The Chinese Ministry of Agriculture and Rural Affairs did not respond to two requests for comment.
However, it has issued at least three warnings against use of unauthorized African swine fever vaccines, saying that they could have severe side effects and that producers and users could be charged with a criminal offense.
In August, the ministry said that it would test pigs for different strains of the virus as part of a nationwide investigation into illegal vaccine use.
Any strains with gene deletions could indicate a vaccine had been used, it said.
No findings have been published so far on the issue, which is highly sensitive for Beijing.
Reporting of the recent African swine fever outbreaks was covered up extensively.
After decades of research into producing a vaccine against the huge, complex swine fever virus, researchers around the world are focusing on live-virus vaccines — the only type to have shown any promise.
However, such vaccines carry higher risks, because even after the virus is weakened so that it does not cause serious illness, it can sometimes recover its virulence.
One such vaccine used in Spain in the 1960s caused a chronic disease with swollen joints, skin lesions and respiratory issues in pigs that complicated efforts to eradicate African swine fever over the next three decades.
Since then, no nation has approved a vaccine for the disease.
A vaccine with the MGF360 and CD2v genes deleted is undergoing trials by China’s Harbin Veterinary Research Institute after showing promise.

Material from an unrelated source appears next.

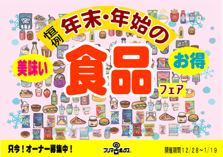 ![]() 美味しい・お得 食品フェア―1月19日まで ! ![]() 好評につき期間延長中!(1月5日まで) ![]() ![]() ![]() たいへんお得なキャンペーンになっていますので、 是非、この機会にご利用して頂きます様、 宜しくお願いいたします。 お問い合わせはフリマボックス 木谷まで |

Yan said that he believes people have replicated the sequences of virus strains being studied, which have been published in scientific literature, and that pigs injected with illicit vaccines based on them could be infecting others.
“It’s definitely man-made; this is not a natural strain,” he said.

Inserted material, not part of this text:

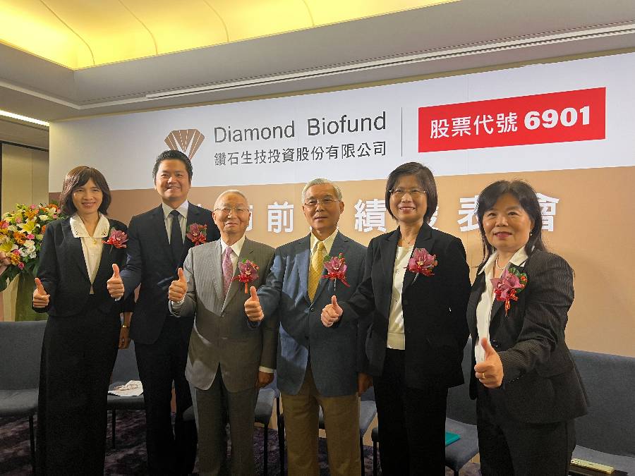 台灣第一家永續型生技創投鑽石生技(6901)今日舉行上市前法說會,並預計9月19日掛牌,董事長路孔明(附圖右三 )指出,公司從早期永續的種子基金出發,靠長期投資累積了第一個百億,初上市現增案募集的資金40億元,將會結合金控、壽險與基金,共同募資百億元,協助將生技研發成果接軌至商業化的最後一哩路。
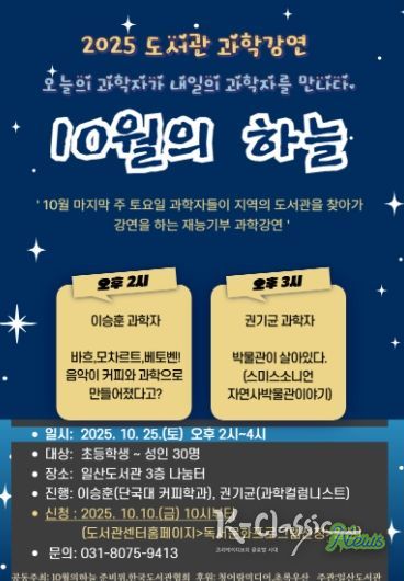 K-Classic News 기자 | 고양특례시 일산도서관에서는 과학자들의 재능기부 도서관 과학 강연프로그램 ‘10월의 하늘’을 운영한다.

Neither Johnson nor Yan have fully sequenced the new swine fever strains. Beijing strictly controls who is allowed to work with the virus, which can only be handled in laboratories with high biosecurity designations.
Yet several private companies have developed test kits that can check for specific genes.

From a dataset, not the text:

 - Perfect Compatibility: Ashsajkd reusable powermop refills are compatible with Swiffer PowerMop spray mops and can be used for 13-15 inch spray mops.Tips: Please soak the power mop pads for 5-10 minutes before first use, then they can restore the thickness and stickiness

GM Biotech, based in China’s central Hunan Province, said in an online post last week that it had developed a test that identifies whether the pathogen is a virulent strain, a single-gene deleted attenuated strain or a double-gene deleted attenuated strain.
The test helps pig producers, because the new strains are “very difficult to detect at the initial stage of infection and have a longer incubation period after infection,” the company said.
The government has not said how widely used illicit vaccines are or who has produced them, but a “vast amount” of pigs in China have nonetheless been vaccinated, Johnson said, a sentiment echoed by many other experts.
In 2004 and 2005, when the H5 bird flu strains were spreading across Asia, Chinese laboratories produced several unauthorized live bird flu vaccines, raising fears that they could produce dangerous new variants, said Mo Salman, a professor of veterinary medicine at Colorado State University who has worked on animal health in Asia.
“The current ASF unlawful vaccine[s] in China is repeating history,” Salman said.